下面是你应该知道的每个 CPU 的状态:
* **每个 CPU 的内核栈**
因为内核能够同时捕获多个 CPU因此我们需要为每个 CPU 准备一个单独的内核栈,以防止它们运行的程序之间产生相互干扰。数组 `percpu_kstacks[NCPU][KSTKSIZE]` 为 NCPU 的内核栈资产保留了空间。
在实验 2 中,你映射的 `bootstack` 所引用的物理内存,就作为 `KSTACKTOP` 以下的 BSP 的内核栈。同样,在本实验中,你将每个 CPU 的内核栈映射到这个区域而使用保护页做为它们之间的缓冲区。CPU 0 的栈将从 `KSTACKTOP` 处向下增长CPU 1 的栈将从 CPU 0 的栈底部的 `KSTKGAP` 字节处开始,依次类推。在 `inc/memlayout.h` 中展示了这个映射布局。

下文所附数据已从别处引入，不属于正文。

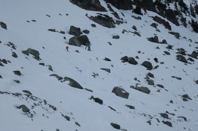 そしてフルートボウルへはハイクアップ。このエリアはいわばゲレンデ内のバックカントリー、非圧雪コース。

* **每个 CPU 的 TSS 和 TSS 描述符**
为了指定每个 CPU 的内核栈在哪里,也需要有一个每个 CPU 的任务状态描述符TSS。CPU _i_ 的任务状态描述符是保存在 `cpus[i].cpu_ts` 中,而对应的 TSS 描述符是定义在 GDT 条目 `gdt[(GD_TSS0 >> 3) + i]` 中。在 `kern/trap.c` 中定义的全局变量 `ts` 将不再被使用。
* **每个 CPU 当前的环境指针**
由于每个 CPU 都能同时运行不同的用户进程,所以我们重新定义了符号 `curenv`,让它指向到 `cpus[cpunum()].cpu_env`(或 `thiscpu->cpu_env`),它指向到当前 CPU代码正在运行的那个 CPU上当前正在运行的环境上。
* **每个 CPU 的系统寄存器**
所有的寄存器,包括系统寄存器,都是一个 CPU 私有的。所以,初始化这些寄存器的指令,比如 `lcr3()`、`ltr()`、`lgdt()`、`lidt()`、等待,必须在每个 CPU 上运行一次。函数 `env_init_percpu()``trap_init_percpu()` 就是为此目的而定义的。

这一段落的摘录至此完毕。